Kubernetes Node Taint Configuration

Similar to machine.nodeLabels Talos Linux now provides machine.nodeTaints machine configuration field to configure Kubernetes Node taints.

Kubelet Credential Provider Configuration

Talos now supports specifying the kubelet credential provider configuration in the Talos configuration file. It can be set under machine.kubelet.credentialProviderConfig and kubelet will be automatically configured to with the correct flags. The credential binaries are expected to be present under /usr/local/lib/kubelet/credentialproviders.
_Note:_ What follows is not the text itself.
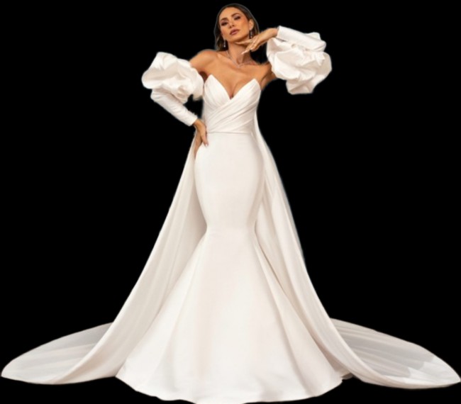 Say 'I do' in style and let your personality shine through in this elegant and timeless dress. With its classic silhouette, this is the perfect wedding dress for the stylish bride to be.Elevate your bridal look with the Primrose All Over Mikado Dress by Kitty Chen Couture. Make a grand entrance with this sophisticated off-shoulder wedding dress. Featuring dramatic puff sleeves and a flowing train, this cream gown is perfect for your special day. This mermaid gown features a strapless design and a vintage off-the-shoulder neckline in a timeless ivory hue. The solid pattern creates a sleek silhouette, accented by a sophisticated button closure.

Talos System Extensions can be used to install the credential binaries.

KubePrism

KubePrism is enabled by default on port 7445.

Sysctl

Talos now handles sysctl/sysfs key names in line with sysctl.conf(5):

  • if the first separator is ‘/’, no conversion is done
  • if the first separator is ‘.’, dots and slashes are remapped

Example (both sysctls are equivalent):

machine:
  sysctls:
    net/ipv6/conf/eth0.100/disable_ipv6: "1"
    net.ipv6.conf.eth0/100.disable_ipv6: "1"

User Disks

Talos Linux now supports specifying user disks in .machine.disks machine configuration links via udev symlinks, e.g. /dev/disk/by-id/XXXX.

Packet Capture

Talos Linux provides more performant implementation server-side for the packet capture API (talosctl pcap CLI).

Memory Usage and Performance

Talos Linux core components now use less memory and start faster.